Narrative medicine might be understood then, as an acknowledgment that, as with our writing projects, a doctor’s relationship with their patient should be open to rephrasing, to a changing of the basic language used in order to describe the expressed symptoms of the body, and the priorities and preferences of the patient in terms of their treatment. Narrative medicine accepts that a patient’s efforts to get better “cannot be fragmented away from the deepest parts of their lives,” including the stories they tell “in medical interviews, late-night emergency telephone calls, or the wordless rituals of the physical exam.”

As Charon writes, “Health professionals have to learn to hear the body and the self telling of illness, in whatever forms, dictions, and discourses they find themselves giving utterance to their reality…we must be prepared to comprehend all that is contained in the patient’s words, silences, metaphors…and allusions.” Physicians, Charon argues, must be “aware that the body and the self keep secrets from one another, can misread one another, and can be incomprehensible to one another without a skilled and deft translator.”

Reading these words seemed to provide a source for the blank quiet all around me. Disease, and the ravaging treatment meant to address it, had caused a fundamental disjunction between my body and my self. Secrets, misreadings, and incomprehension flooded the void. But the framework of narrative medicine also showed me how to repurpose that feeling of alienation.

In her memoir, Sick, exploring her history with Lyme disease, Porochista Khakpour writes that, “To find a home in my body is to tell a story that doesn’t exist.” Part of me shares that conviction. One of the criticisms of narrative medicine is that most doctors simply are not capable of providing the level of emotional range and nuance that it espouses. At my most cynical, I believe that too. And yet, this discipline allowed me to think of disease not just as a catastrophe, but also as the formative trials that would permit me to act as a “skilled and deft translator” for other people.

My students are young. They are loaded up on urgency, and often lack the means to express what concerns them. They feel the pressures of each possible future pushing on their chests. And they know what it’s like to be uneasy in your own skin. In essays about maligned desire, blunt encounters with violence, and yes, illness and its aftermath, they consistently impress me with their courage. They self-interrogate, they challenge themselves and they grow. With careful, patient coaxing, they find the euphoria I once felt in naming a problem.
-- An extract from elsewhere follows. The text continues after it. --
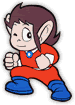 何世紀も前のことです。アリエス星にあるマウンテン山で、アレックスキッド(アレク)という名の少年が、拳法の修行をしていました。拳法の名は、ブロッ拳。これをマスターすれば、岩をも砕くことができるのです。 7年間の修行を終えたアレクは、育ての親・ぬらり仙人のもとへ帰るため、山を下り始めました。すると、男の人が倒れているではありませんか。アレクは、急いで駆け寄りました。けれども男の人は、「ラ…ラダク……シャン……が…危ない。こ…これを……。」 と言うと、息絶えてしまったのです。 男の人が残したものは、1枚の地図と、太陽のかざりのついたメダル(太陽石のメダル)でした。地図は、この地方のもののようです。ぬらり仙人の島よりはるか先に、ラダクシャンの都があります。 「ラダクシャンは、アリエス星の楽園といわれるくらい平和な都のはず。それが危ないとは……いったい……? それに、このメダルは、何を意味しているのだろう?」 アレクは、地図とメダルを持って、ラダクシャンへ行くことにしました……。 |

They hunt relentlessly for words to pin down a greater understanding of their situation. And they tell me what it means for them to have the space to do so.

I’d like to say that I am a fantastic teacher, but my interventions are minimal. I try to adopt some of the elements that Dr. Charon outlines in her breakdown of narrative medicine. I meet with these students and ask them what they’re looking for. What wound are they addressing? And I listen to them. I try to hear what moves them most. I sit with them as they confront silence. In fact, what I’ve learned is how little prompting we often need to investigate the deep tremors of our unsettled physical selves. But we do absolutely need the prompt, and it must arrive as an invitation.

The classroom allowed me to use my story as one incomplete piece of the common human impulse to find a better home in our bodies. Working with my students allowed me to distance myself from my own case, and focus instead on what Charon calls on us to do: “revel in the inexhaustibility of our combinations and the universality of our relations, our affiliations, our common burdens and gifts.” If illness represents isolation from the body, then why not use that distance to recognize how everyone, at some point, feels unseen and unspoken for in their pain? This is our shared story. It is one worth honoring.